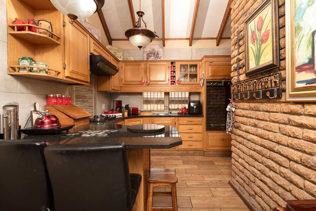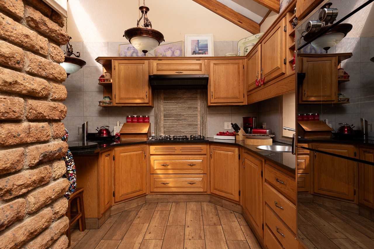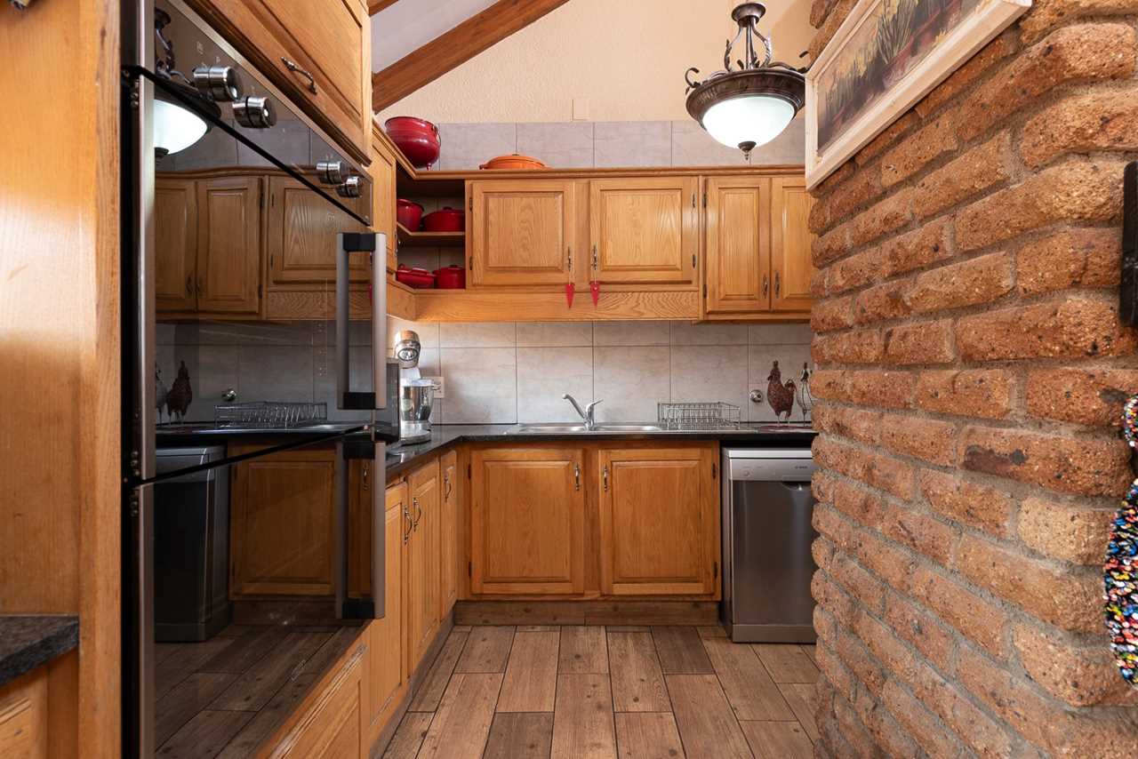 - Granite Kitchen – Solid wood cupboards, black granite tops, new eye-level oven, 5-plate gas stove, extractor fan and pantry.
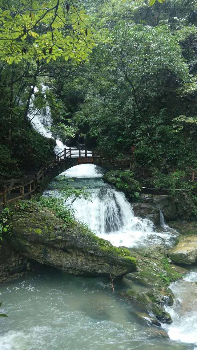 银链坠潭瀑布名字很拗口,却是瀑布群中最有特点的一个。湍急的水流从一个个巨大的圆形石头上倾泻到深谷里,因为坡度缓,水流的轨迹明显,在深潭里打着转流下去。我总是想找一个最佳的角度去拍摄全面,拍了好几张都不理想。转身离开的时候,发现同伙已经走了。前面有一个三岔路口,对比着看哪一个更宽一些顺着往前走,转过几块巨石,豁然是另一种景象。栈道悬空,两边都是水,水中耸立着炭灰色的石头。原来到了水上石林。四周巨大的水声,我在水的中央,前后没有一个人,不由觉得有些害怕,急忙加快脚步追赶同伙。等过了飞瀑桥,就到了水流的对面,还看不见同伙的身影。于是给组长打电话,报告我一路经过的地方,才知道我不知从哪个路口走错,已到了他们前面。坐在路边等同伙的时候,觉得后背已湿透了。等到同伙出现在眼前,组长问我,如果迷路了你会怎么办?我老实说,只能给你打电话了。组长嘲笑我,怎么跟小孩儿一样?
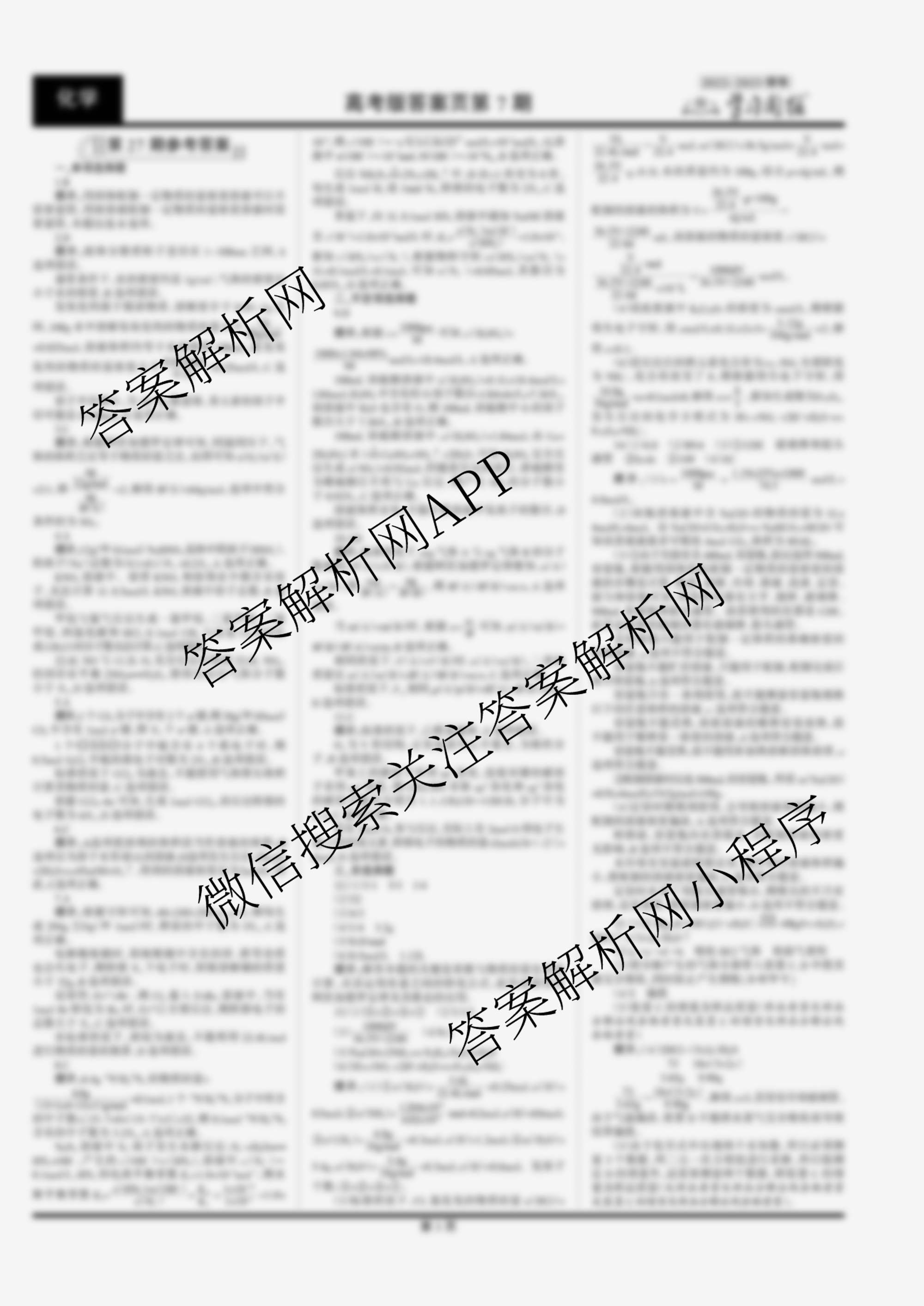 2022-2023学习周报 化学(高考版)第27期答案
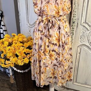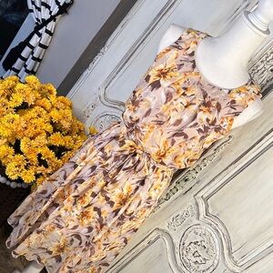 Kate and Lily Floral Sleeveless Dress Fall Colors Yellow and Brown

==

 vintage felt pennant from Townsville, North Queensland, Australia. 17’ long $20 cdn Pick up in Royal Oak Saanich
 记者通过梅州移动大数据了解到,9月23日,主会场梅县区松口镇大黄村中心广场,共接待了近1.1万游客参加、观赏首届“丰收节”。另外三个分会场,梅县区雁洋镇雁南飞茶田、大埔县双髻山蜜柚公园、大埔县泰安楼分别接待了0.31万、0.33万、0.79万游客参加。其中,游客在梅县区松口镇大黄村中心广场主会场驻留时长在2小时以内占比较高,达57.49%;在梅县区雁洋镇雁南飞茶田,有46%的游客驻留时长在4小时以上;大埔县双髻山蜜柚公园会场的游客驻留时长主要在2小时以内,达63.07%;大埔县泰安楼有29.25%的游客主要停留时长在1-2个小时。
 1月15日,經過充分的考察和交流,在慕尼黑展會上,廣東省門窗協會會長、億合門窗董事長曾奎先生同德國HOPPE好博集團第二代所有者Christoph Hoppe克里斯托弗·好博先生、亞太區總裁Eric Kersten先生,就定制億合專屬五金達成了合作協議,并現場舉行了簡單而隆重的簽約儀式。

### Task to carry out
When you reach the line holding "- Granite Kitchen" in the listing above, begin retyping exactly, and stop once the line holding "Kate and Lily" is done; pictures stay out.

### Final answer
 - Granite Kitchen – Solid wood cupboards, black granite tops, new eye-level oven, 5-plate gas stove, extractor fan and pantry.
 银链坠潭瀑布名字很拗口,却是瀑布群中最有特点的一个。湍急的水流从一个个巨大的圆形石头上倾泻到深谷里,因为坡度缓,水流的轨迹明显,在深潭里打着转流下去。我总是想找一个最佳的角度去拍摄全面,拍了好几张都不理想。转身离开的时候,发现同伙已经走了。前面有一个三岔路口,对比着看哪一个更宽一些顺着往前走,转过几块巨石,豁然是另一种景象。栈道悬空,两边都是水,水中耸立着炭灰色的石头。原来到了水上石林。四周巨大的水声,我在水的中央,前后没有一个人,不由觉得有些害怕,急忙加快脚步追赶同伙。等过了飞瀑桥,就到了水流的对面,还看不见同伙的身影。于是给组长打电话,报告我一路经过的地方,才知道我不知从哪个路口走错,已到了他们前面。坐在路边等同伙的时候,觉得后背已湿透了。等到同伙出现在眼前,组长问我,如果迷路了你会怎么办?我老实说,只能给你打电话了。组长嘲笑我,怎么跟小孩儿一样?
 2022-2023学习周报 化学(高考版)第27期答案
 Kate and Lily Floral Sleeveless Dress Fall Colors Yellow and Brown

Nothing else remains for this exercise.